[[ Extracted entries, beginning ]]

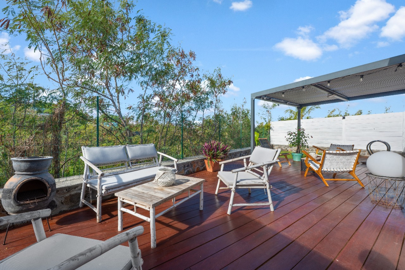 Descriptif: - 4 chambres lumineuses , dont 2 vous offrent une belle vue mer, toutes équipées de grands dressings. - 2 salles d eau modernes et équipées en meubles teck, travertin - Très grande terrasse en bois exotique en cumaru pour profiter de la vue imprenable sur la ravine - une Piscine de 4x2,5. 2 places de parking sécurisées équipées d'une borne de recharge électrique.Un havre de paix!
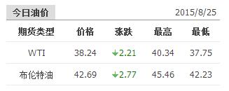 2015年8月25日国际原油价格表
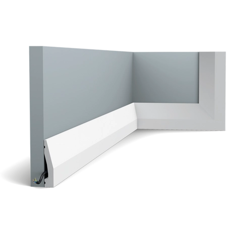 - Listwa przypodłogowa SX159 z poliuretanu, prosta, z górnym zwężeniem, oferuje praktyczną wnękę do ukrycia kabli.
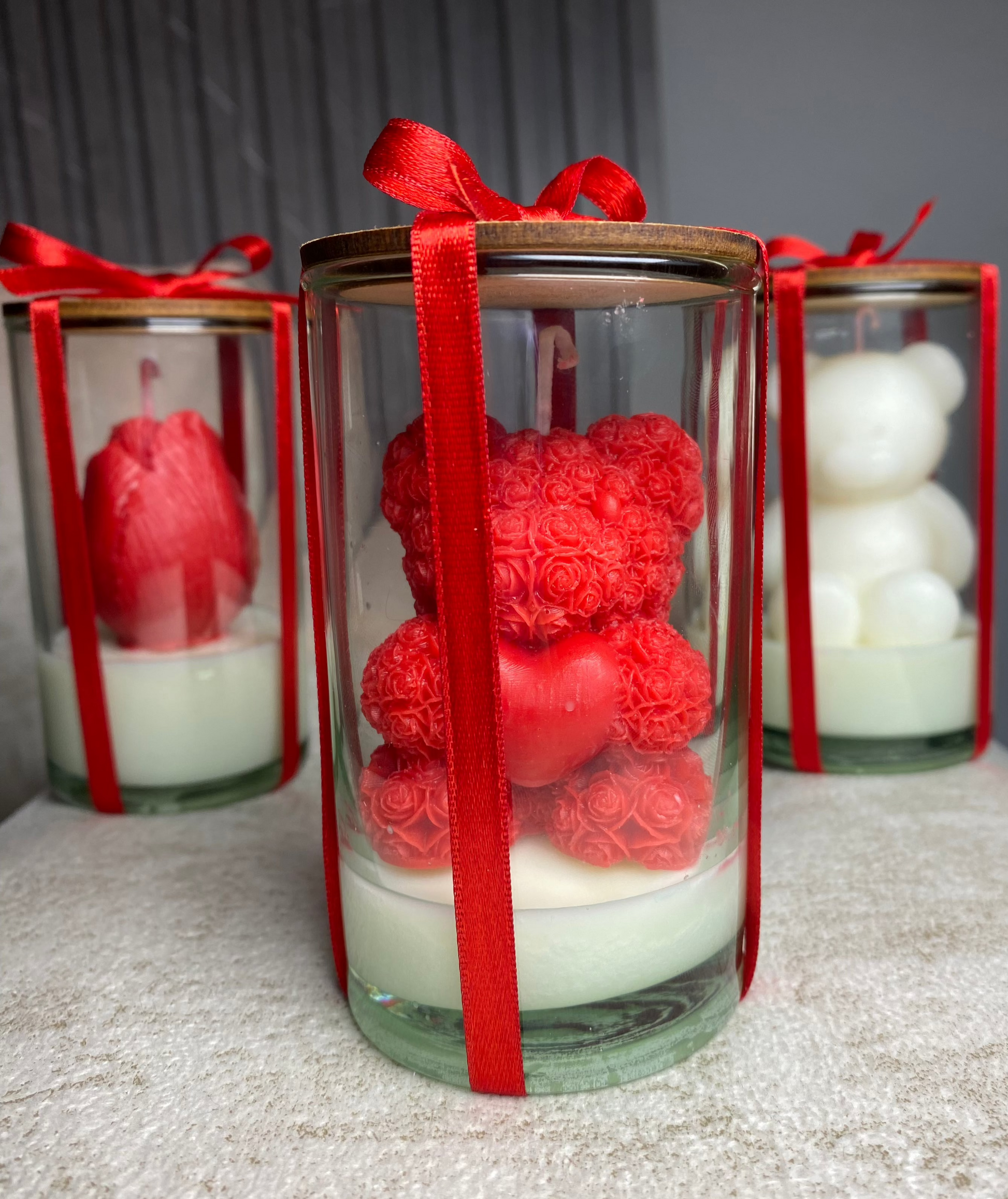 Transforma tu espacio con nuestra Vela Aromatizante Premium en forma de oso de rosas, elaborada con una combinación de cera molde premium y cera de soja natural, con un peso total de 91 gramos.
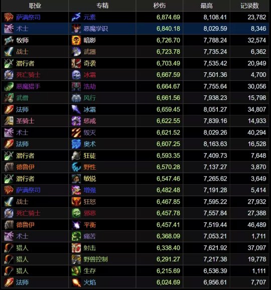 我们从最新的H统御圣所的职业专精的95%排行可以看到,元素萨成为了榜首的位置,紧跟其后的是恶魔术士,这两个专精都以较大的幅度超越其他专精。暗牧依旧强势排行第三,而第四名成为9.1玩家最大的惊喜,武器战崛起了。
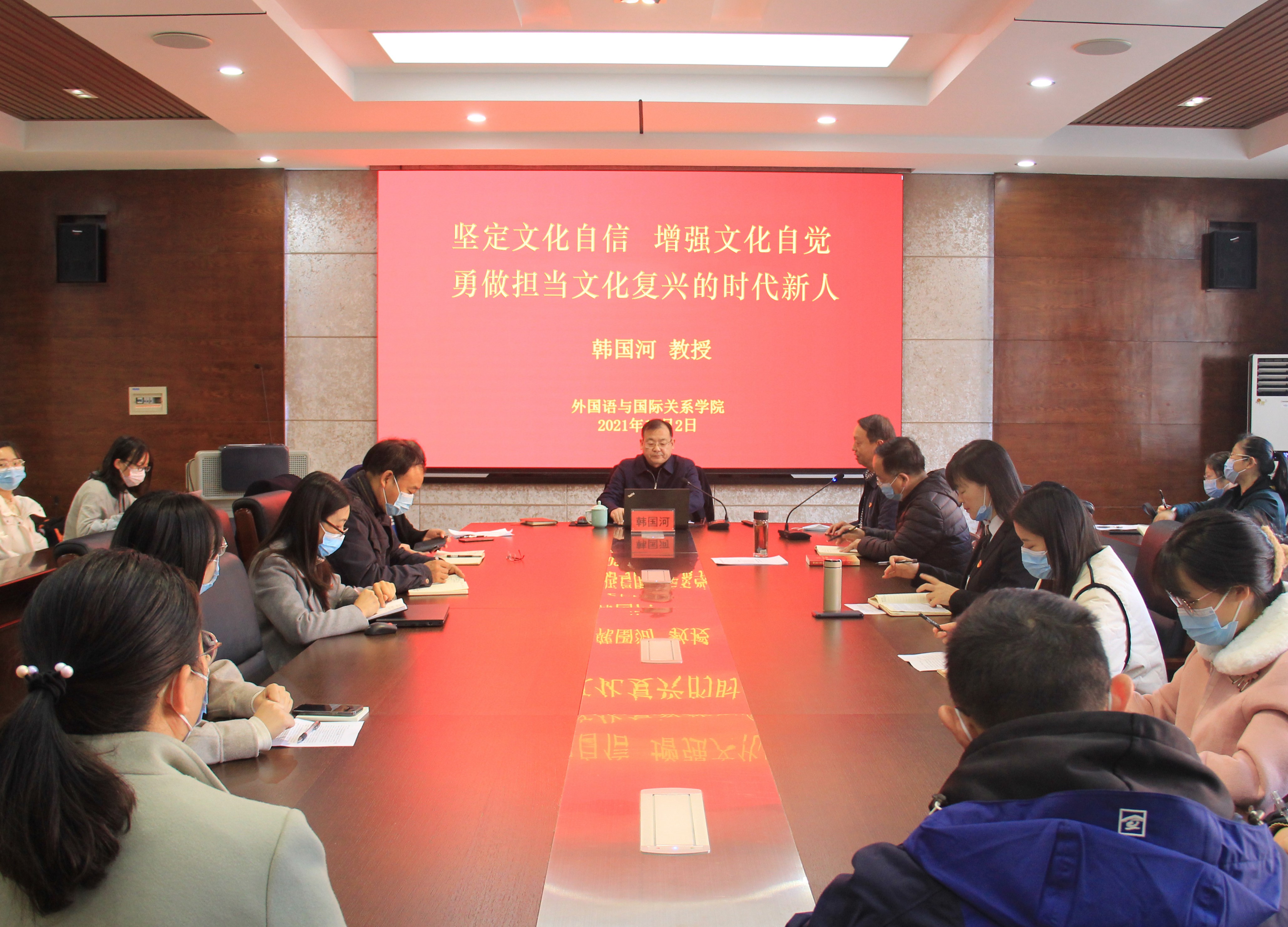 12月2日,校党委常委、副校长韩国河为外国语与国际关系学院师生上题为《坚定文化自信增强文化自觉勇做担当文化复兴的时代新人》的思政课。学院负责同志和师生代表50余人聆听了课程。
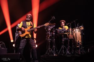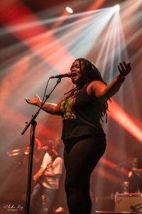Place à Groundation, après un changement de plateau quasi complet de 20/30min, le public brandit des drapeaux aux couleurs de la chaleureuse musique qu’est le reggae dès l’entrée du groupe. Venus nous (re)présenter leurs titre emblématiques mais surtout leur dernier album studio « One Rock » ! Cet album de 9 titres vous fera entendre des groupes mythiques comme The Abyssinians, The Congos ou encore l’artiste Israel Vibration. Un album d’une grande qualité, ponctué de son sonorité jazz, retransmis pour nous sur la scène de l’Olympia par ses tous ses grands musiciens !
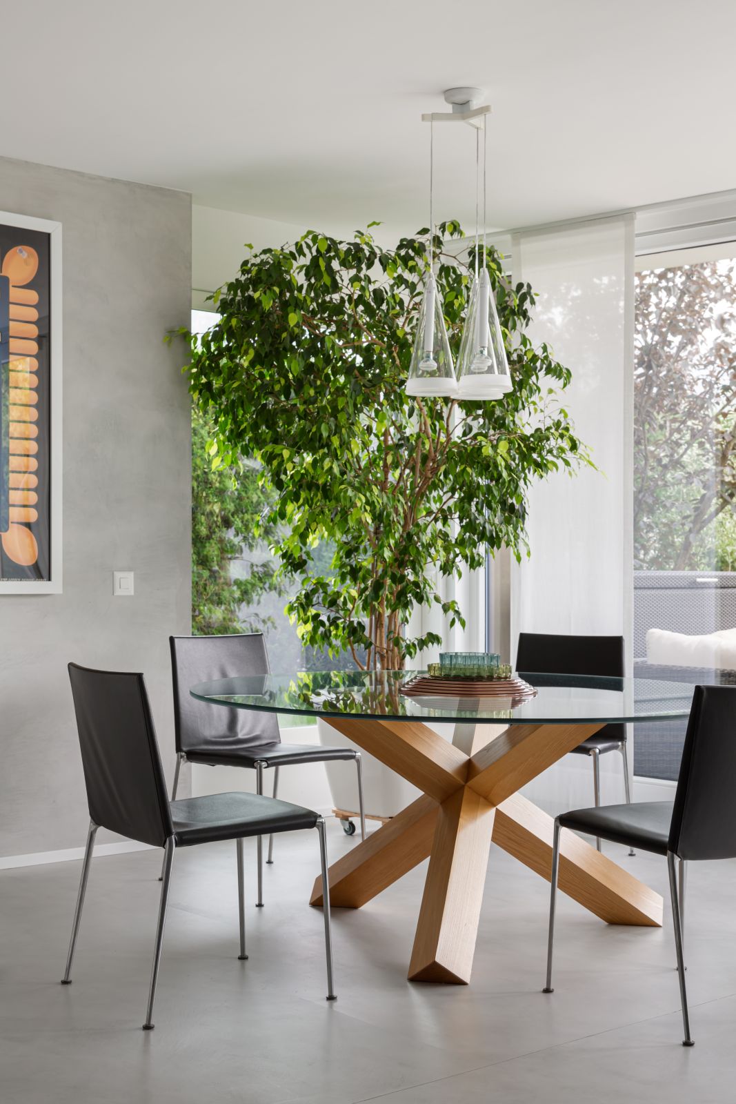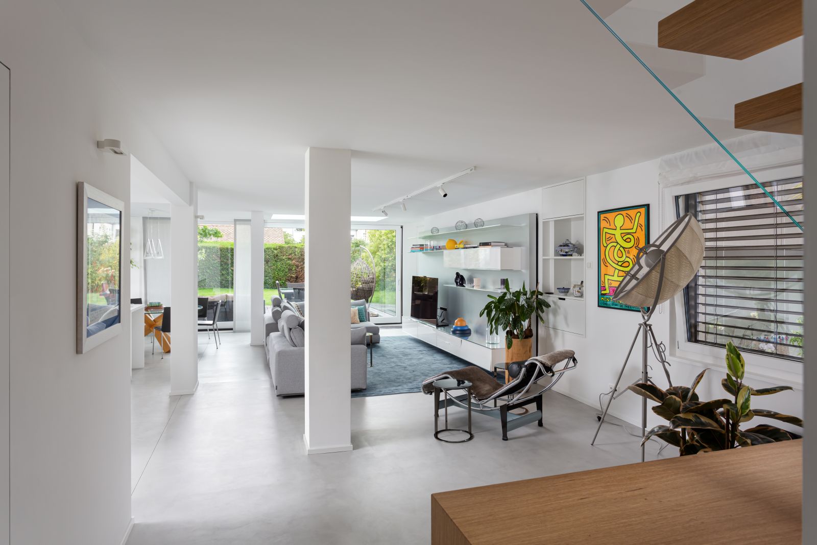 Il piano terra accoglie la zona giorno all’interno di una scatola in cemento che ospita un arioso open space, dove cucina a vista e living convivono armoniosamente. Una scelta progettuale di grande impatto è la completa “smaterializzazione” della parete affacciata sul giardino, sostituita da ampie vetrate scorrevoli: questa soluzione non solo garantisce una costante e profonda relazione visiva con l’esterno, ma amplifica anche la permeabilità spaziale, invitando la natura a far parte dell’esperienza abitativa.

[[ Extracted entries, end ]]

> What is required
Write out each line exactly, from the one containing "我们从最新的H统御圣所的职业" through the end of the entries, and skip the pictures.

> Result below
 我们从最新的H统御圣所的职业专精的95%排行可以看到,元素萨成为了榜首的位置,紧跟其后的是恶魔术士,这两个专精都以较大的幅度超越其他专精。暗牧依旧强势排行第三,而第四名成为9.1玩家最大的惊喜,武器战崛起了。
 12月2日,校党委常委、副校长韩国河为外国语与国际关系学院师生上题为《坚定文化自信增强文化自觉勇做担当文化复兴的时代新人》的思政课。学院负责同志和师生代表50余人聆听了课程。
Place à Groundation, après un changement de plateau quasi complet de 20/30min, le public brandit des drapeaux aux couleurs de la chaleureuse musique qu’est le reggae dès l’entrée du groupe. Venus nous (re)présenter leurs titre emblématiques mais surtout leur dernier album studio « One Rock » ! Cet album de 9 titres vous fera entendre des groupes mythiques comme The Abyssinians, The Congos ou encore l’artiste Israel Vibration. Un album d’une grande qualité, ponctué de son sonorité jazz, retransmis pour nous sur la scène de l’Olympia par ses tous ses grands musiciens !
 Il piano terra accoglie la zona giorno all’interno di una scatola in cemento che ospita un arioso open space, dove cucina a vista e living convivono armoniosamente. Una scelta progettuale di grande impatto è la completa “smaterializzazione” della parete affacciata sul giardino, sostituita da ampie vetrate scorrevoli: questa soluzione non solo garantisce una costante e profonda relazione visiva con l’esterno, ma amplifica anche la permeabilità spaziale, invitando la natura a far parte dell’esperienza abitativa.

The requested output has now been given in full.